- Born: 7 March 1949 Babuganj, East Bengal, Dominion of Pakistan
- Died: 14 December 1971 (aged 22) Nawabganj, Rajshahi, Bangladesh
- Military career
- Allegiance: Pakistan Bangladesh
- Branch: Pakistan Army (before 1971) Bangladesh Army
- Service years: 1967–1971
- Rank: Captain
- Service number: PSS-10439
- Unit: Corps of Engineers
- Commands: Sub-Commander of Sector – VII;
- Conflicts: Bangladesh Liberation War †
- Awards: Bir Sreshtho

= Mohiuddin Jahangir =

Bangladeshi fighter and recipient of Bir Sreshtho award

Captain Mohiuddin Jahangir BS (মহিউদ্দীন জাহাঙ্গীর) (7 March 1949 – 14 December 1971) was a Pakistan Army officer who joined the Mukti Bahini during the 1971 war.
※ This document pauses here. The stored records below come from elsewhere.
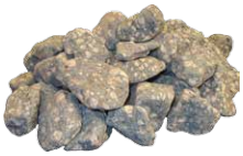
STAGE 8 Mineral Stones Replace after 5 years
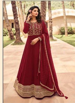
• 14827 •
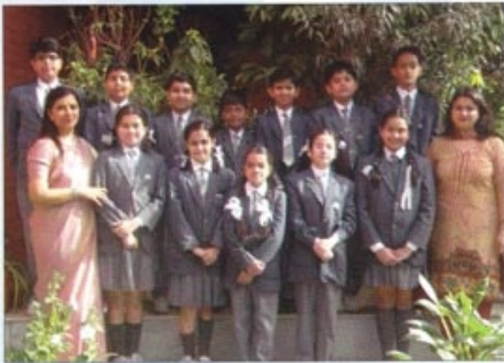
Primary Team of GVC

The link to reach our website is : gvc1116.gvc11.virtualclassroom.org
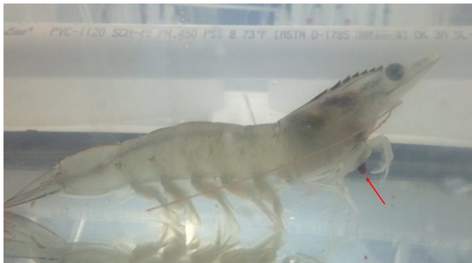
Shrimp consuming a manufactured feed pellet.

He was born in the village of Rahimgonj under Babugonj Upazila of Backergunge District, East Bengal. He was an officer in Sector 7 of the Mukti Bahini and was killed while attempting to breakthrough enemy defenses on the bank of the Mahananda River.

His initiative seriously undermined the Pakistani Army's resistance in the area; eventually allowing, the Mukti Bahini to overrun the positions of the Pakistan Army. The main gate of Dhaka Cantonment, "Shaheed Birsreshto Jahangir Gate", is named in his honor.

He was awarded the highest recognition of bravery in Bangladesh.

==Early life==

Mohiuddin Jahangir was born on 7 March 1949 at Rahimganj, Babuganj thana in Backergunge District, East Bengal. His primary education was at the Patarchar Primary School in Muladi. He achieved scholarships in talent pool in his 5th and 8th grade, and he passed his SSC examination from Muladi Mahbudjan High School in 1964. He finished his HSC from the Barisal BM College in 1966. In 1967 he enrolled at the department of Statistics at the University of Dhaka. On 5 October 1967 he joined the Pakistan Army as a cadet at the Pakistan Military Academy. Jahangir was then commissioned in the Corps of Engineers after successfully completing his training with the 15th war course. Later he was posted at 173 Engineer's Battalion in Multan. After working with the battalion for six months, he was shifted to Military College of Engineering in Risalpur. After finishing the 13-month-long training he took bomb-disposal training.

==Involvement in the war==
In 1971, Mohiuddin Jahangir was working at the construction field at Chilas near the Karakoram. On 10 June 1971, he took a few days leave and went back to Risalpur. A day later, he started going towards the Sialkot border to reach India. He managed to cross the border and joined the Mukti Bahini at Mehdipur under Malda district in West Bengal. On 3 July, he became a captain of sector 7, Mohodipur. He was given the responsibility to fight at the Chapai Nawabganj border at Rajshahi district. In December he was ordered to take Chapai Nawabganj. On 14 December, he died after being shot during a battle near Nawabganj. He was buried near Sona Mosque premises and afterwards, was posthumously declared "Bir Shrestho". This award is one of the most highly honored awards in Bangladesh.

==Death==

Tomb of Captain Mohiuddin Jahangir and Major Nazmul Huq

In December 1971, Jahangir was made the captain of a team in order to take control of Chapai Nawabganj from the Pakistanis. On 10 December he set his camp up at a place called Barghoria at the west of Nawabganj.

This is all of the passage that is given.